#### How to complete this task
Find the line below with "Desde las 8:30" and the line with "먼저 김요한(65kg) 선수는". Output exactly those lines and everything between them, leaving out the pictures.

#### Entries provided
──────

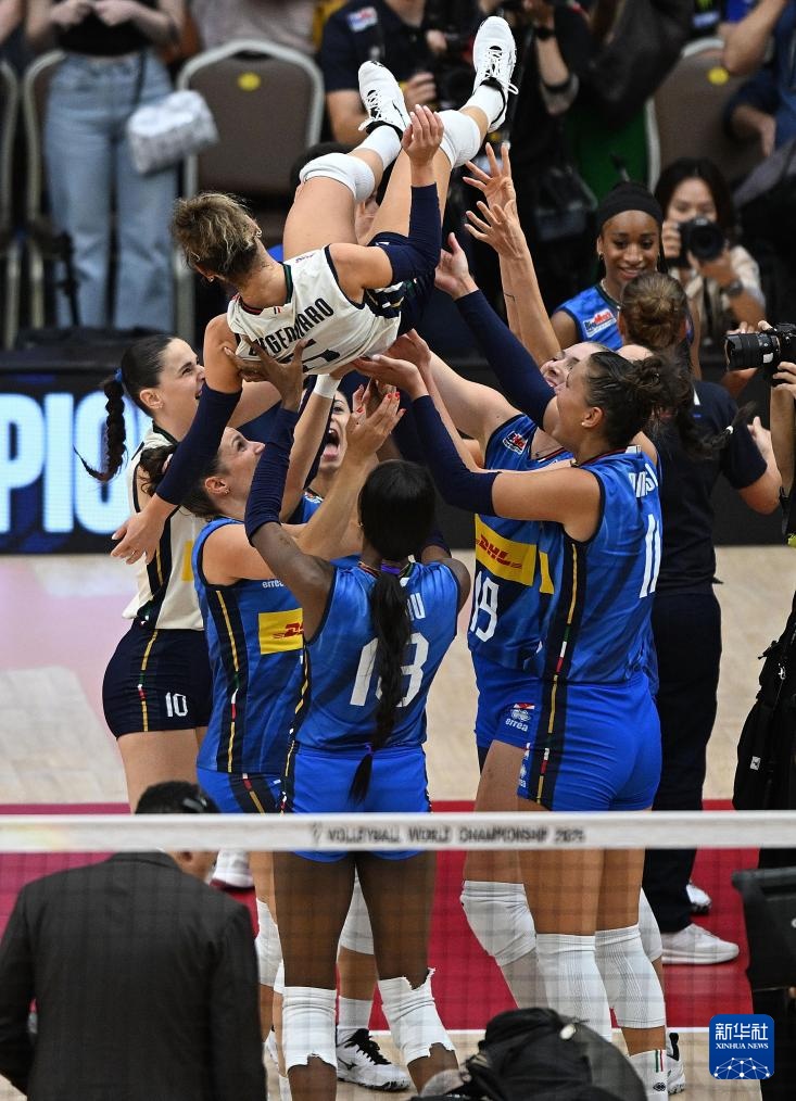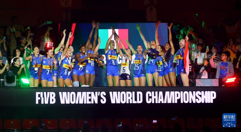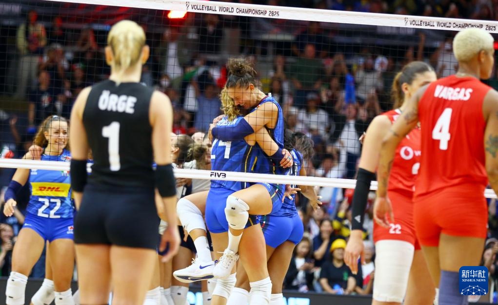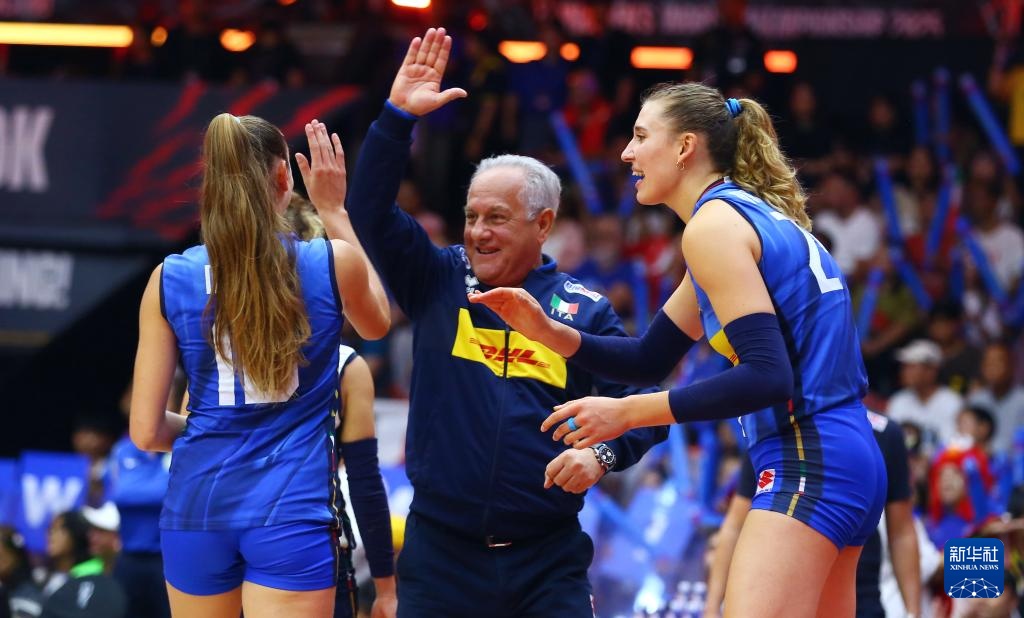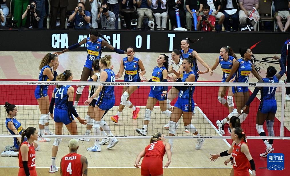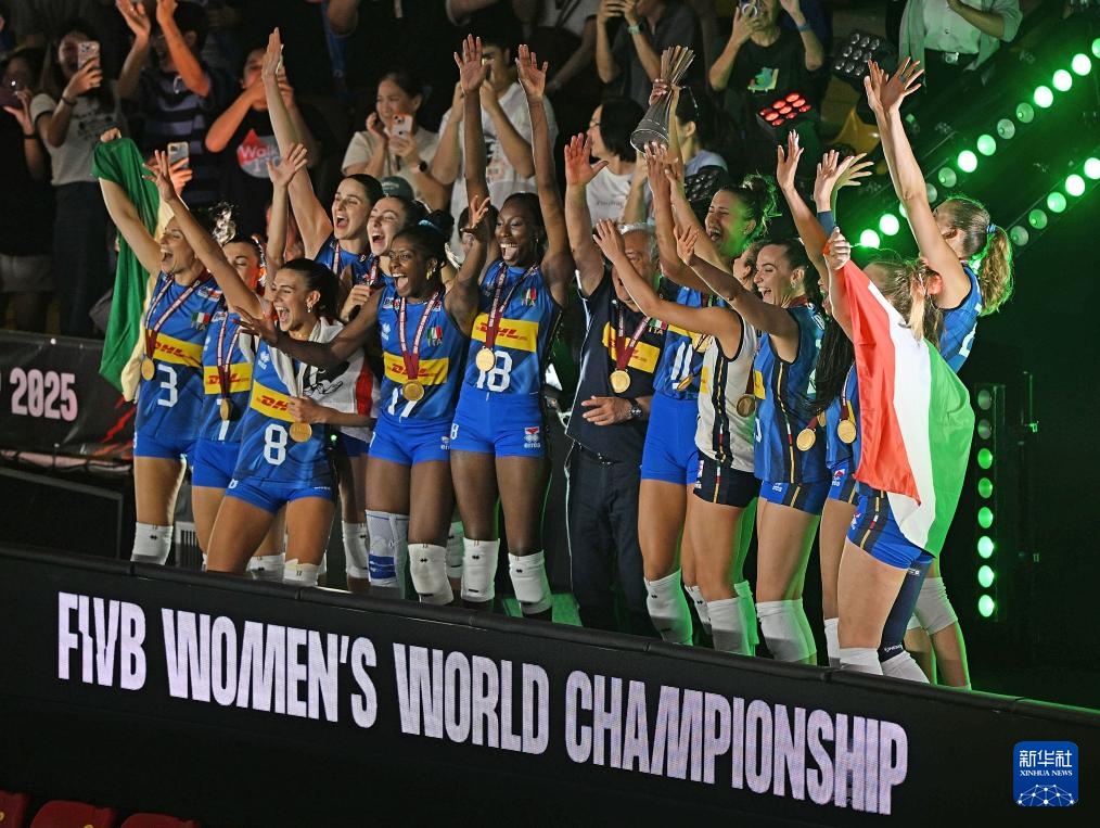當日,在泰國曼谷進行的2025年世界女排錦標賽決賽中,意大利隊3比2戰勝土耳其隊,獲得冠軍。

──────

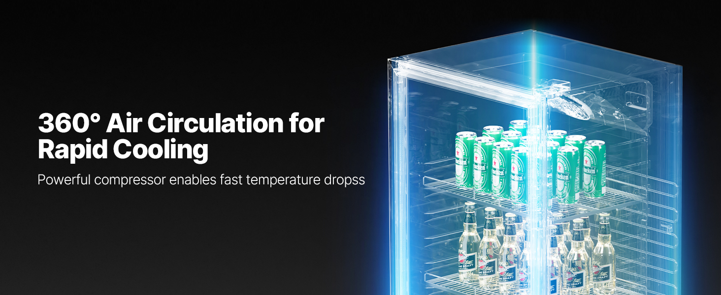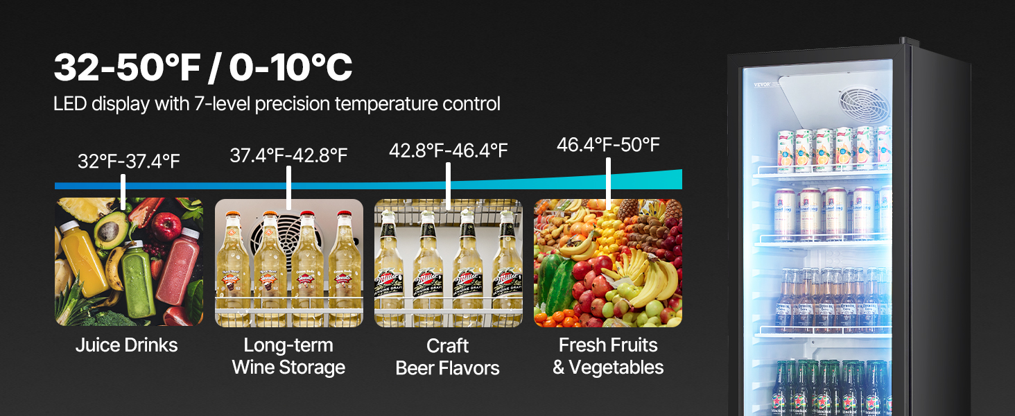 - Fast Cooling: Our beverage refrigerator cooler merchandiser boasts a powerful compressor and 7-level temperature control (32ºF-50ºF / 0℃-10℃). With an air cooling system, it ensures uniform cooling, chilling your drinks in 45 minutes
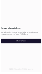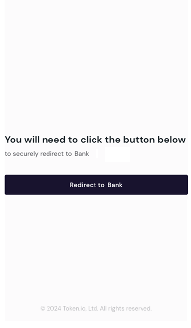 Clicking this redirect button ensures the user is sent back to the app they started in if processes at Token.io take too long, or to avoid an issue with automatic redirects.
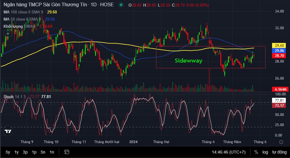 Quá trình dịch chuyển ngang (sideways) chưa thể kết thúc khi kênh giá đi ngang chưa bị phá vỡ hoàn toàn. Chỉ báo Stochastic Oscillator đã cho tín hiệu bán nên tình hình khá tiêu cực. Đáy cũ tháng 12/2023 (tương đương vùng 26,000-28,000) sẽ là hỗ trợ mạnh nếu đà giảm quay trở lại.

──────

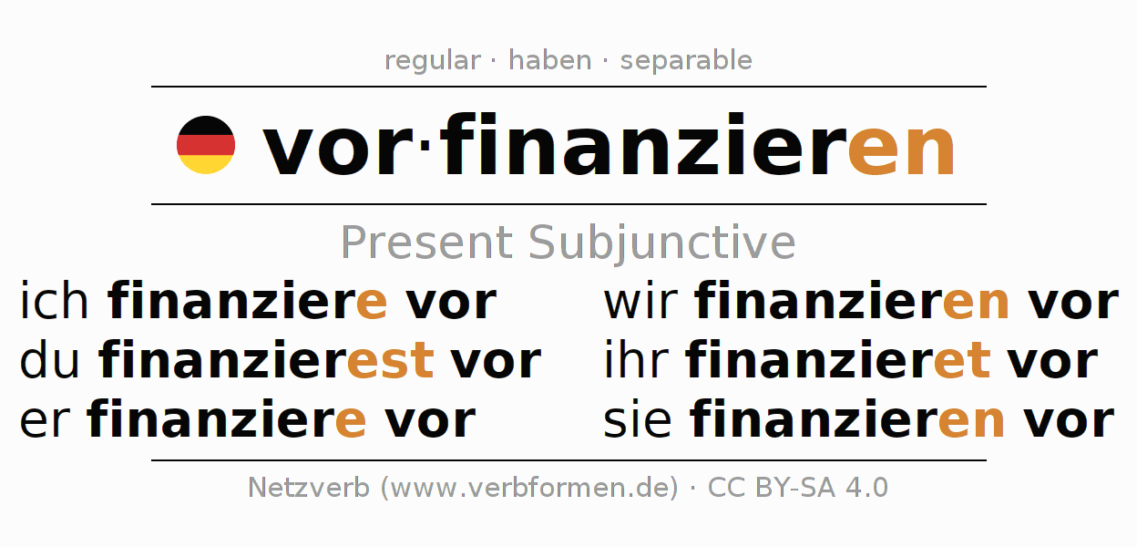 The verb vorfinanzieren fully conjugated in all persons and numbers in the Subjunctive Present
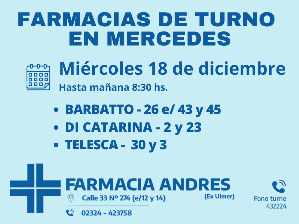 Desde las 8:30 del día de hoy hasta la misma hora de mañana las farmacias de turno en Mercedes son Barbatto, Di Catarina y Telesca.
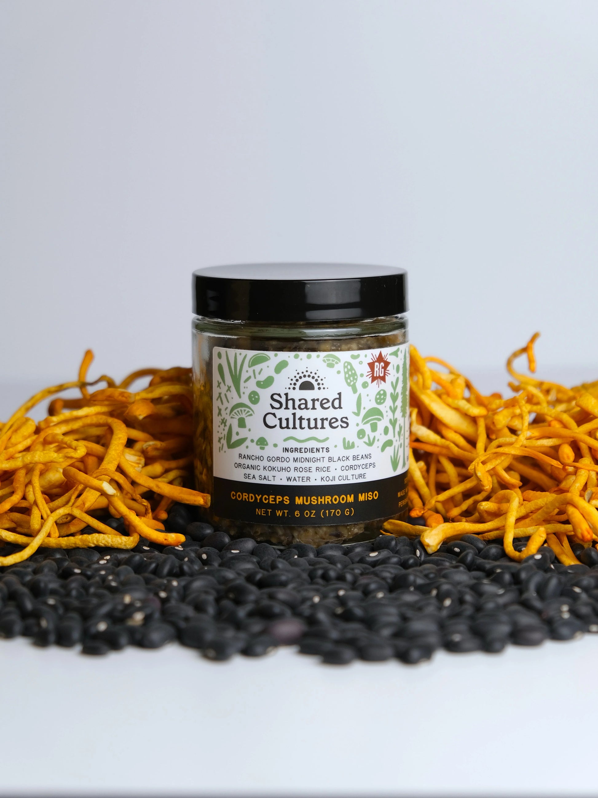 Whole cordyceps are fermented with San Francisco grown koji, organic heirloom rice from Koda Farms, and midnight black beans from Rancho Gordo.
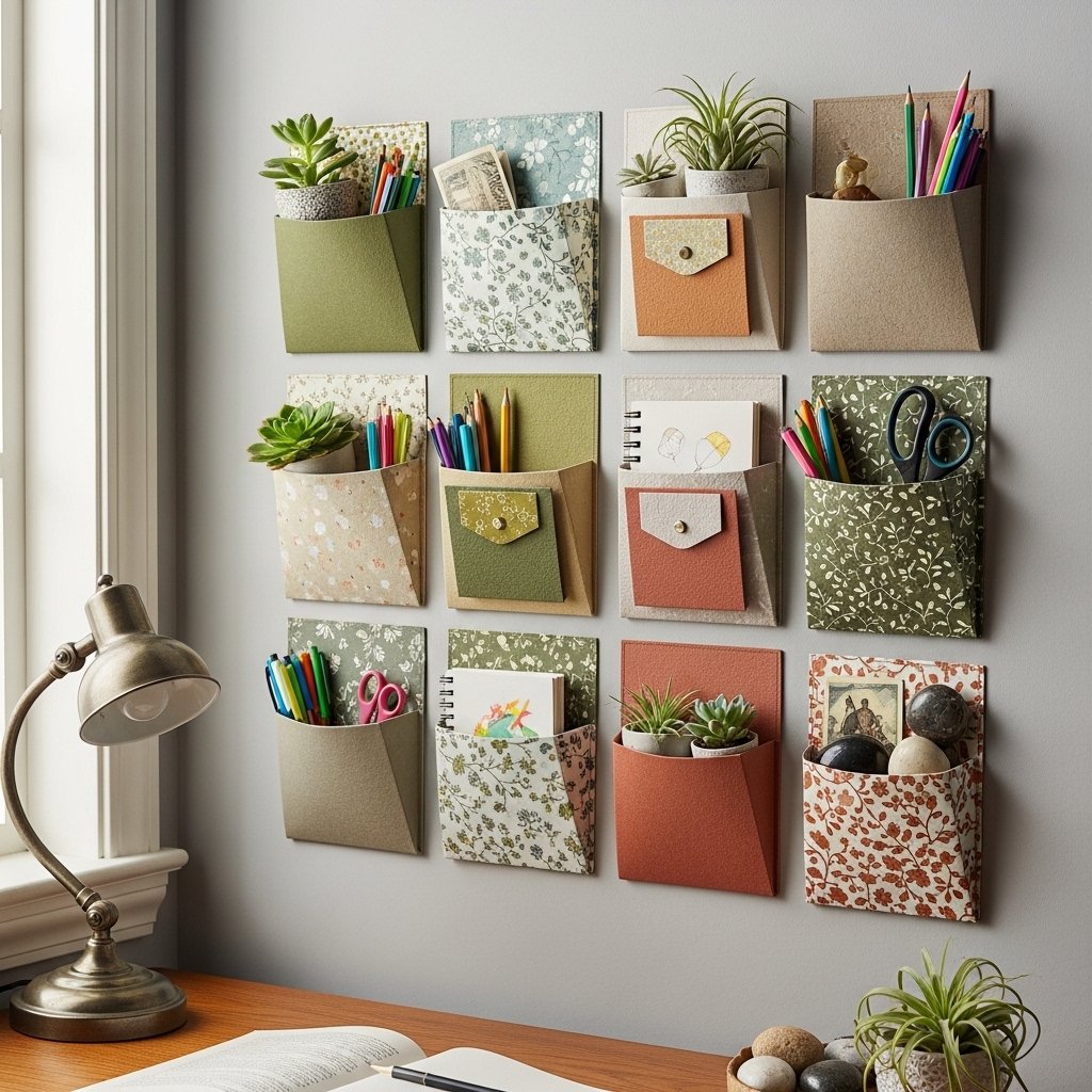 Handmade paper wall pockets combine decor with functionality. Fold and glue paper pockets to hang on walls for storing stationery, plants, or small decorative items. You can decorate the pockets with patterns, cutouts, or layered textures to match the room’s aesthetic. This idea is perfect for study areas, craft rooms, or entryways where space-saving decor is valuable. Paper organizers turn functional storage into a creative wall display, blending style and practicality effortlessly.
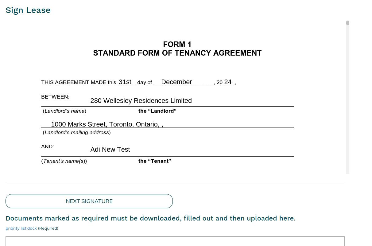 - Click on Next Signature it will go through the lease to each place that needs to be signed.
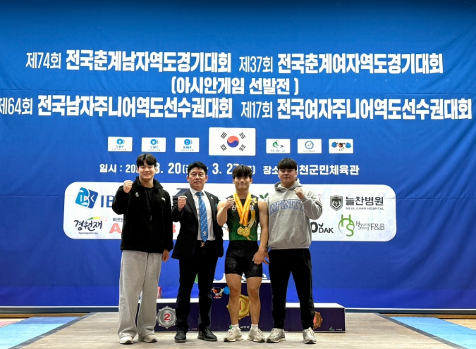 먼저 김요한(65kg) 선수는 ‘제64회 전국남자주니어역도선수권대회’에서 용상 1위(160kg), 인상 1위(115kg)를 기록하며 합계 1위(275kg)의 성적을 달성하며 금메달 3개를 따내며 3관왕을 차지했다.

──────

#### Written solution
 Desde las 8:30 del día de hoy hasta la misma hora de mañana las farmacias de turno en Mercedes son Barbatto, Di Catarina y Telesca.
 Whole cordyceps are fermented with San Francisco grown koji, organic heirloom rice from Koda Farms, and midnight black beans from Rancho Gordo.
 Handmade paper wall pockets combine decor with functionality. Fold and glue paper pockets to hang on walls for storing stationery, plants, or small decorative items. You can decorate the pockets with patterns, cutouts, or layered textures to match the room’s aesthetic. This idea is perfect for study areas, craft rooms, or entryways where space-saving decor is valuable. Paper organizers turn functional storage into a creative wall display, blending style and practicality effortlessly.
 - Click on Next Signature it will go through the lease to each place that needs to be signed.
 먼저 김요한(65kg) 선수는 ‘제64회 전국남자주니어역도선수권대회’에서 용상 1위(160kg), 인상 1위(115kg)를 기록하며 합계 1위(275kg)의 성적을 달성하며 금메달 3개를 따내며 3관왕을 차지했다.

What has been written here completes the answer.